Entries taken from a collection

=== Section Start ===

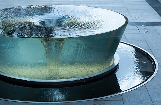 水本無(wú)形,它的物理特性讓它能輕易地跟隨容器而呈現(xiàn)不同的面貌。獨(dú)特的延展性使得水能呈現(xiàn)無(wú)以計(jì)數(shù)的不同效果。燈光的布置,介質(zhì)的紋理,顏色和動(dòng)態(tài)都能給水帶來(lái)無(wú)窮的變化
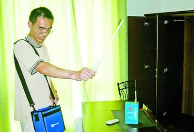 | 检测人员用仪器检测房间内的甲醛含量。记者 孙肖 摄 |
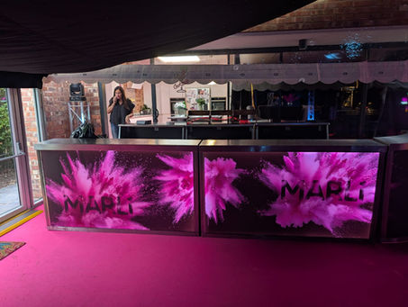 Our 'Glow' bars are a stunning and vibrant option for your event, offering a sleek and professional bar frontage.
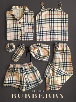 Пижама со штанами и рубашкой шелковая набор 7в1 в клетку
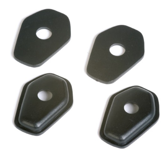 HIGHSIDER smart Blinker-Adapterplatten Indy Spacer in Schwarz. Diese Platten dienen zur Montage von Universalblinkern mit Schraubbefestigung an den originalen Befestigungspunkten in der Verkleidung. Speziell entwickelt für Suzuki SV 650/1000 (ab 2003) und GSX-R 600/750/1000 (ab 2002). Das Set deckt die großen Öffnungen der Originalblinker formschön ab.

=== Section End ===

What to work on: Only the lines from the one containing "Пижама со штанами" through the last line of the entries belong in the answer, given again exactly. Images stay out.

Solution for this task:
 Пижама со штанами и рубашкой шелковая набор 7в1 в клетку
 HIGHSIDER smart Blinker-Adapterplatten Indy Spacer in Schwarz. Diese Platten dienen zur Montage von Universalblinkern mit Schraubbefestigung an den originalen Befestigungspunkten in der Verkleidung. Speziell entwickelt für Suzuki SV 650/1000 (ab 2003) und GSX-R 600/750/1000 (ab 2002). Das Set deckt die großen Öffnungen der Originalblinker formschön ab.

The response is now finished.